+++ MATERIAL FOR THIS EXERCISE +++

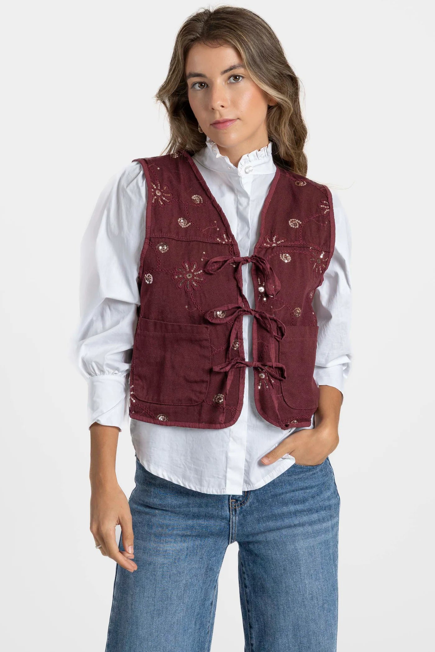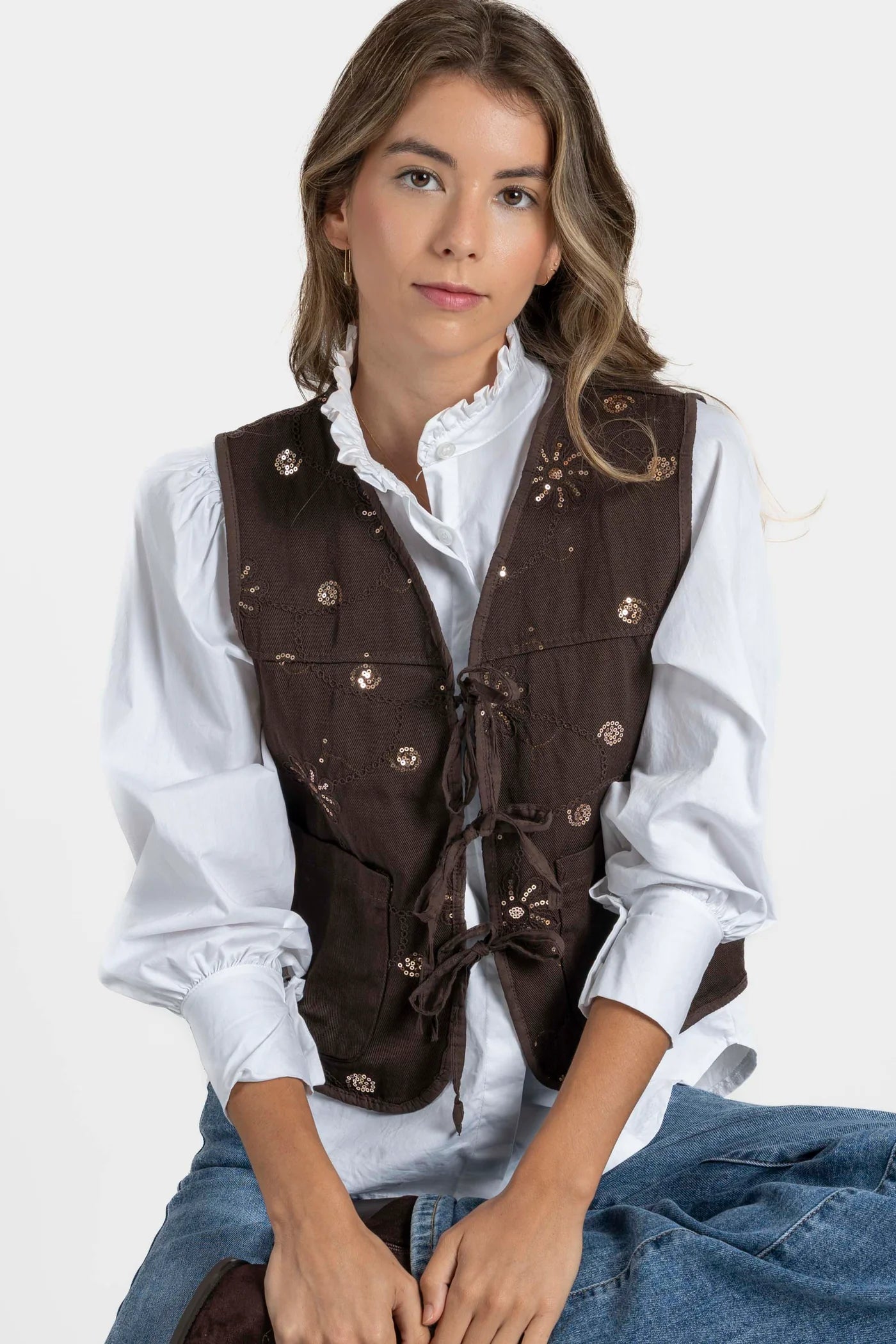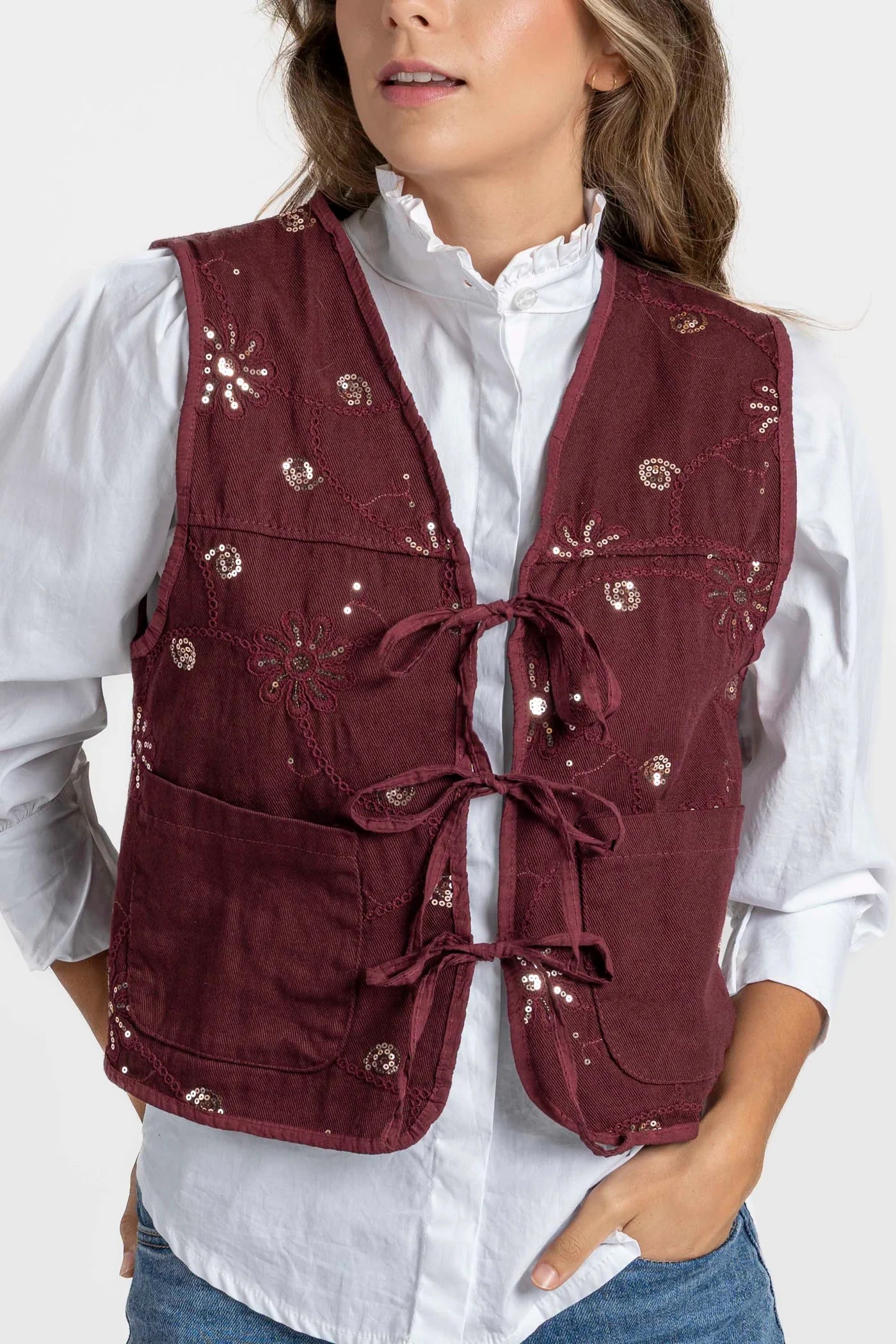 O modelo apresenta um fecho frontal com laços, que permite ajustar o colete ao corpo de forma delicada e feminina, e bolsos frontais funcionais, que combinam praticidade com um toque descontraído. O detalhe de bordados com lantejoulas em padrões florais confere-lhe um charme artesanal e sofisticado, tornando-o numa peça especial e cheia de personalidade.
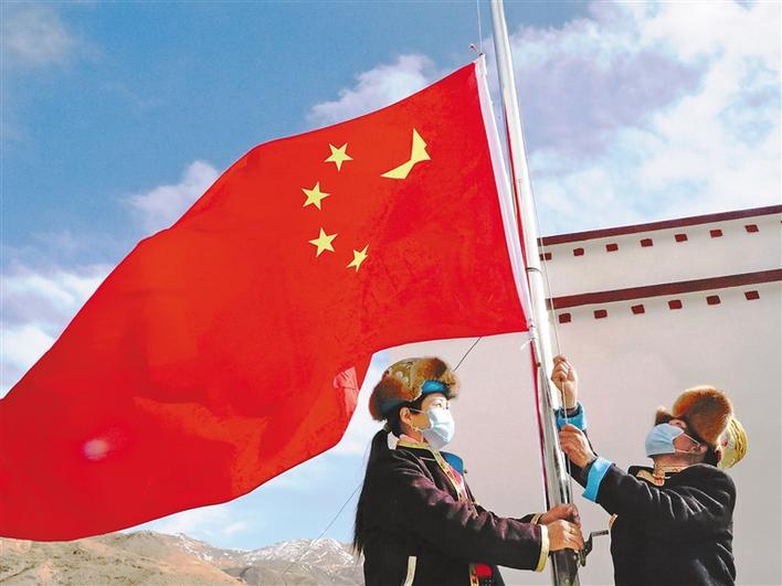 图为措美县哲古镇卓德村群众在升国旗。记者 段敏 摄
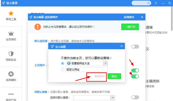 金山毒霸怎么解除主页锁定
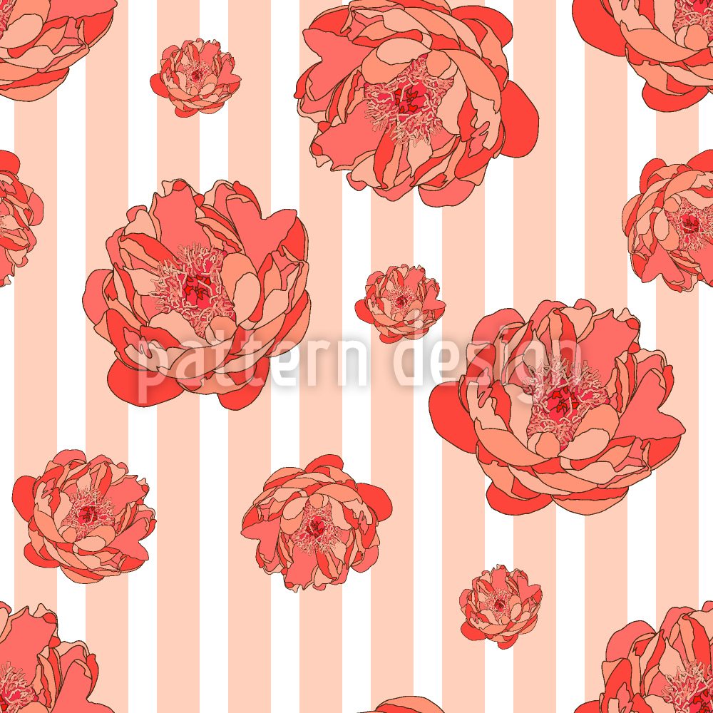 | Descrizione | Modello senza soluzione di continuità con una disposizione di peonie su sfondo a strisce. | ||
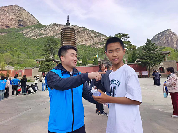 在景区内,游客络绎不绝,志愿者们不仅为游客发水,还热情地提供交通指引、游玩攻略、食宿推荐等咨询服务,积极推介灵丘旅游景点,让游客们有宾至如归的感觉。
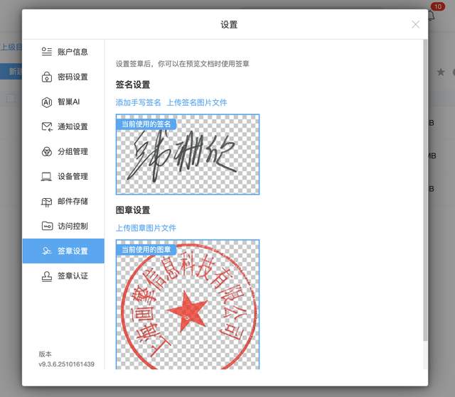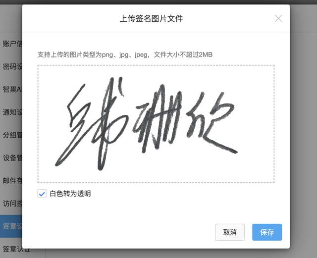 在签章设置里上传签名及公章图片,这里最好把“白色转为透明”选项打勾。
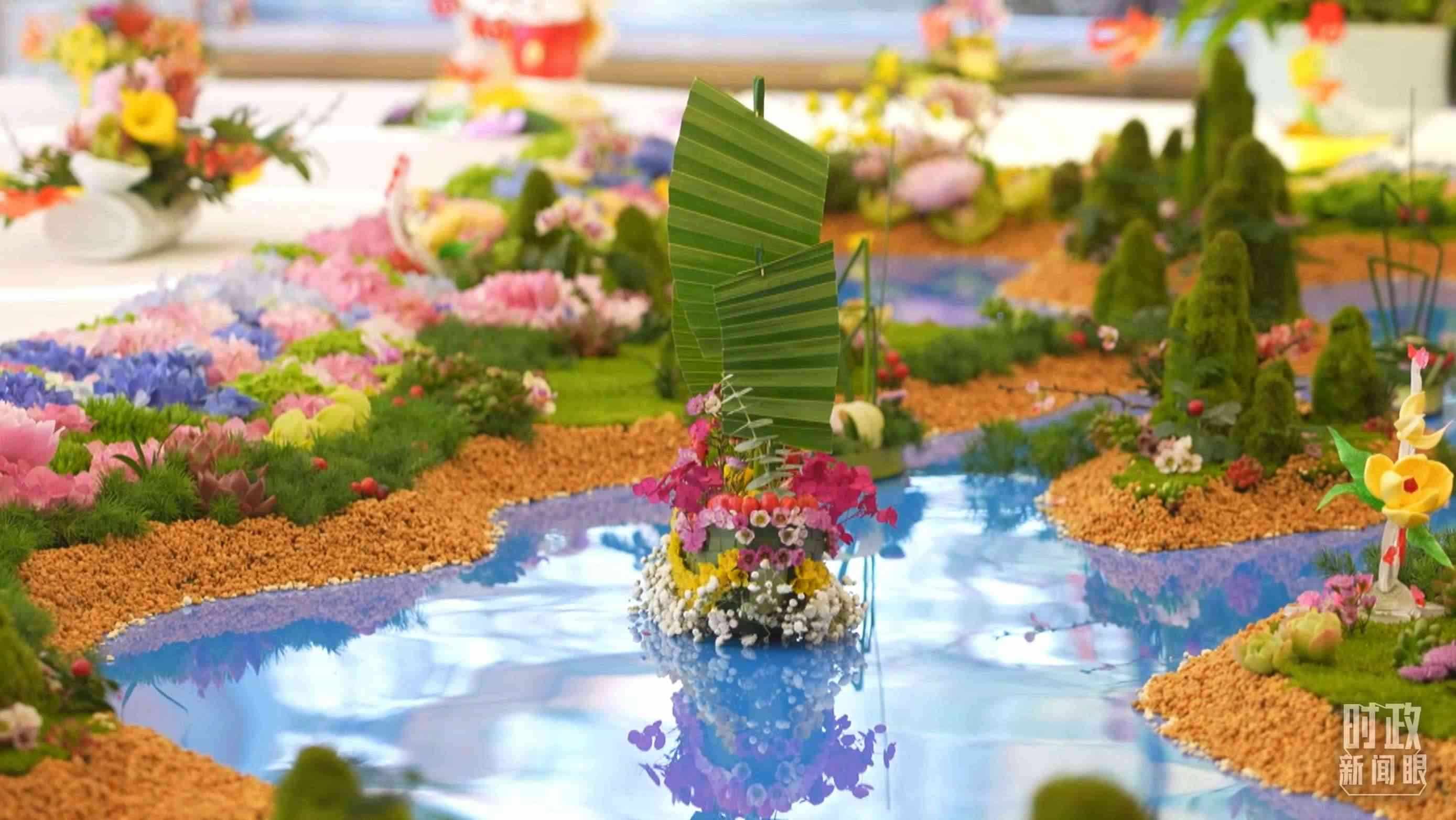 △2月10日會見結束后,習近平為洪森舉行了宴會。這是宴會現(xiàn)場的帆船造型。(總臺央視記者蔣碩拍攝)
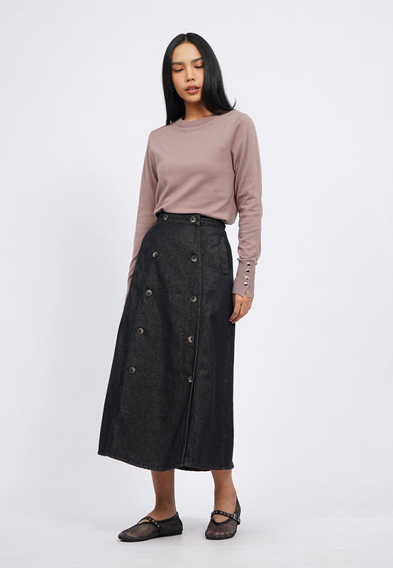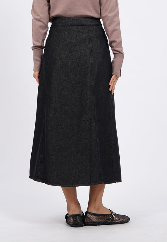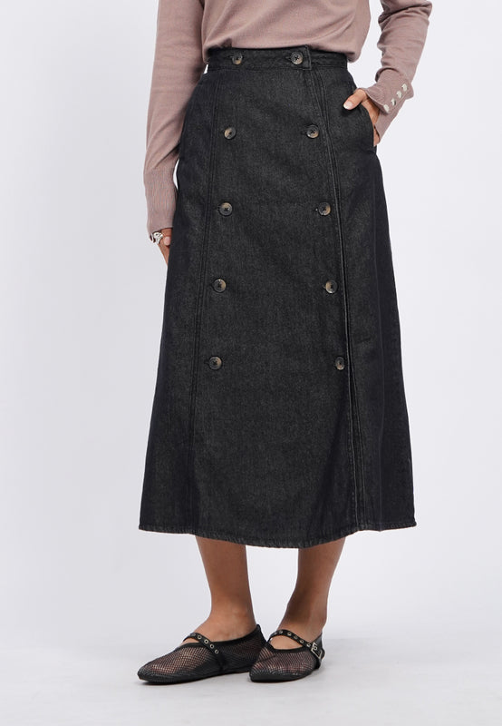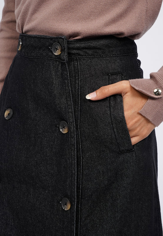 Denim midi skirt, A-line, Front wrap with contrast button, Side pocket details, Material: Denim, Fit: Regular, Color: Black, Model info: Model Wearing Size S, Height: 165 cm, Bust: 86 cm, Waist: 63 cm, Hips: 78 cm

+++

Counting the line with "strisce. | ||" and the last line of the data above, transcribe those two lines and every line between them exactly, without the pictures.

 | Descrizione | Modello senza soluzione di continuità con una disposizione di peonie su sfondo a strisce. | ||
 在景区内,游客络绎不绝,志愿者们不仅为游客发水,还热情地提供交通指引、游玩攻略、食宿推荐等咨询服务,积极推介灵丘旅游景点,让游客们有宾至如归的感觉。
 在签章设置里上传签名及公章图片,这里最好把“白色转为透明”选项打勾。
 △2月10日會見結束后,習近平為洪森舉行了宴會。這是宴會現(xiàn)場的帆船造型。(總臺央視記者蔣碩拍攝)
 Denim midi skirt, A-line, Front wrap with contrast button, Side pocket details, Material: Denim, Fit: Regular, Color: Black, Model info: Model Wearing Size S, Height: 165 cm, Bust: 86 cm, Waist: 63 cm, Hips: 78 cm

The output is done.